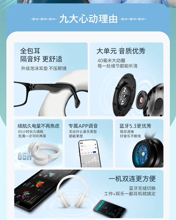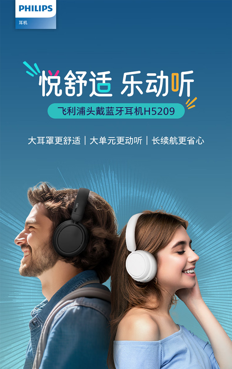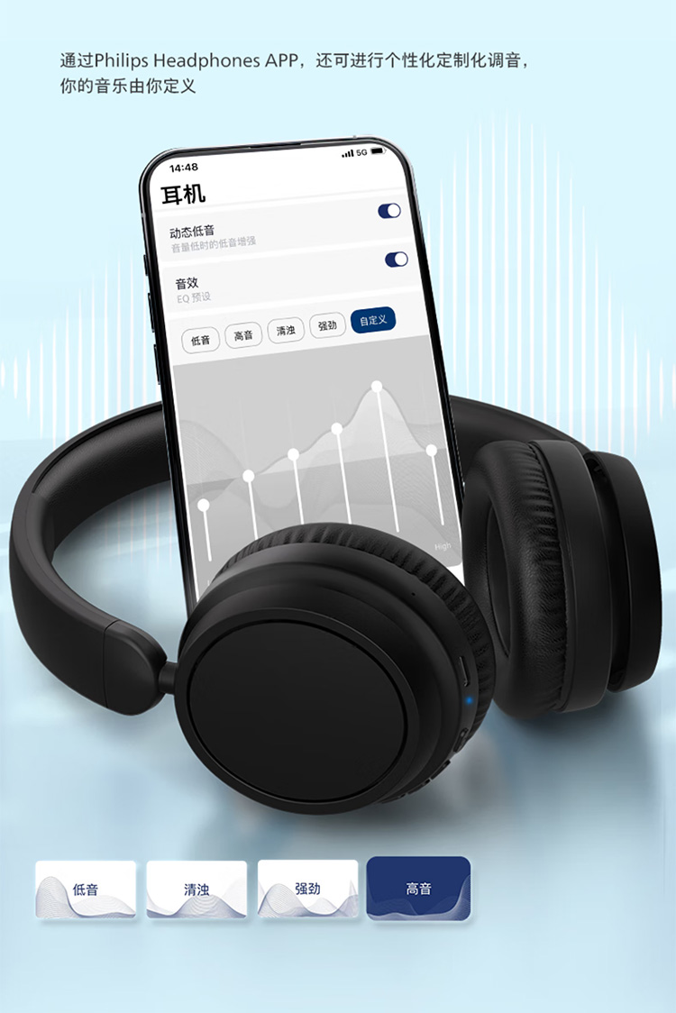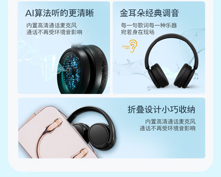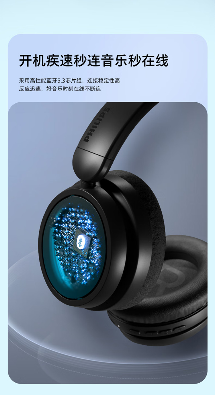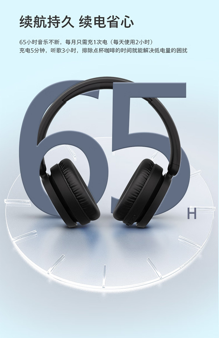 【E粉专享】飞利浦PHILIPS头戴式无线蓝牙耳机65小时续航通话降噪苹果华为小米安卓手机通用TAH5209黑色
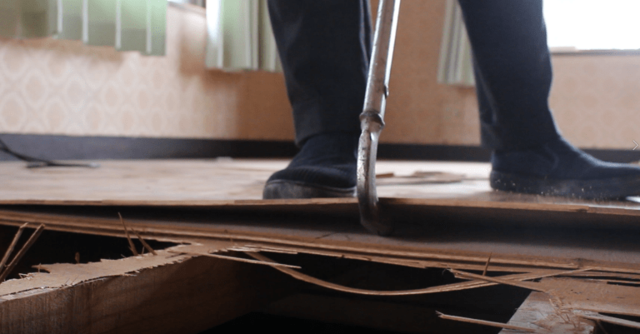 床を剥ぐ際は、そういった傷んでいる部分にバールを突っ込んで剥いでいきます。
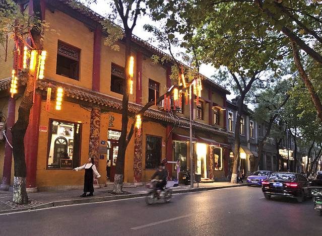 回酒店休息了一小时,4:30又骑小车到经三路和大观园看看。“要想寻找老济南的风貌就来经三路”,果然不宽的街道两侧许多老房屋,一些还是榜上有名的,天渐渐黑了下来,也累了,就没再多走,感受一下老济南当年的样子也是不虚此行了。
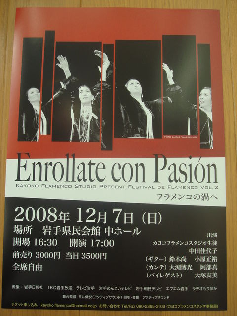 kayoko flamenco studio 発表会 vol.2 〜enrollate con pasion!〜情熱の渦へ〜 開場16:00 開演16:30 チケット 前売り3000円 当日 3500円 全席指定 出演 スタジオ生徒一同、中田佳代子 カンテ 大渕博光・阿部真 ギター 鈴木尚・小原正裕 ゲスト 大塚友美 気になる方、観に行きたい方、メッセいただければご連絡します^^ 是非どうぞ!!
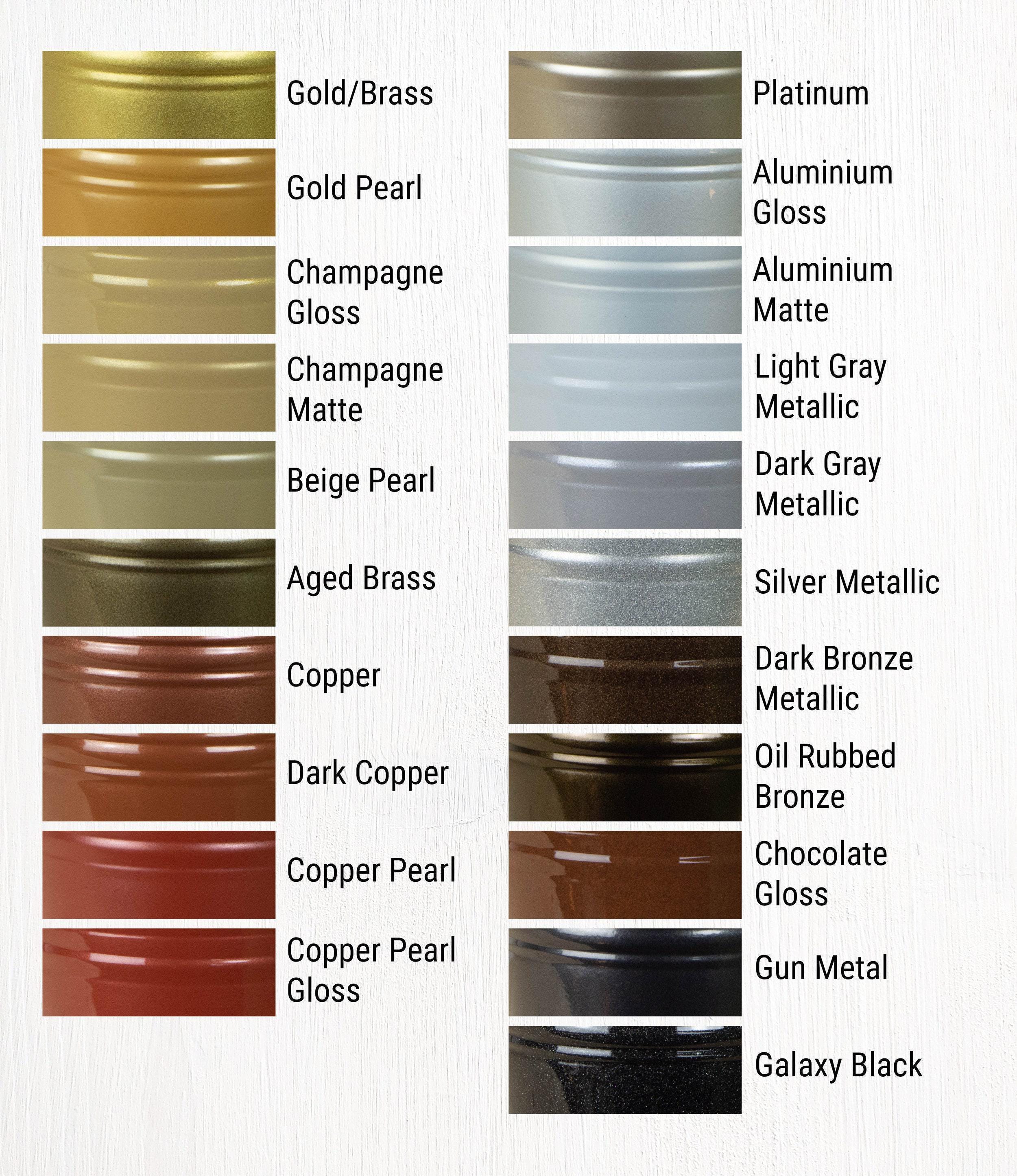 We offer more than 60 powder coat options and 15 wood shelf finish options. You can see all of the powder coat finishes we offer here: https://www.etsy.com/shop/UniqueWoodArtwork?section_id=29436268
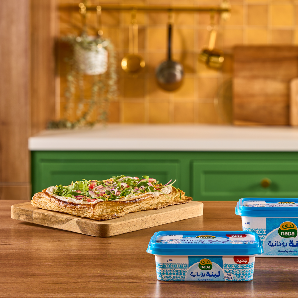6. للتجميع، افردي مزيج اللبنة بالتساوي فوق قاعدة البف باستري المبردة
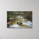 Leinwand Landschaftsbild Wasser mit Bewegungsunschärfe in einer Felsbucht in einem Wald in Norwegen mit einem gefallenen Baum als Brücke darüber.
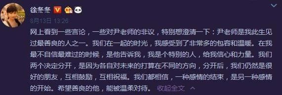 在事后有网友为此攻击尹子维时,徐冬冬还帮前男友说话,想必两人也是和平分手,好聚好散。

> EXERCISE
The required answer is the lines from the one that contains "Leinwand Landschaftsbild Wasser" through the last line of the records, restated word for word, with every picture dropped.

> WRITTEN SOLUTION
 Leinwand Landschaftsbild Wasser mit Bewegungsunschärfe in einer Felsbucht in einem Wald in Norwegen mit einem gefallenen Baum als Brücke darüber.
 在事后有网友为此攻击尹子维时,徐冬冬还帮前男友说话,想必两人也是和平分手,好聚好散。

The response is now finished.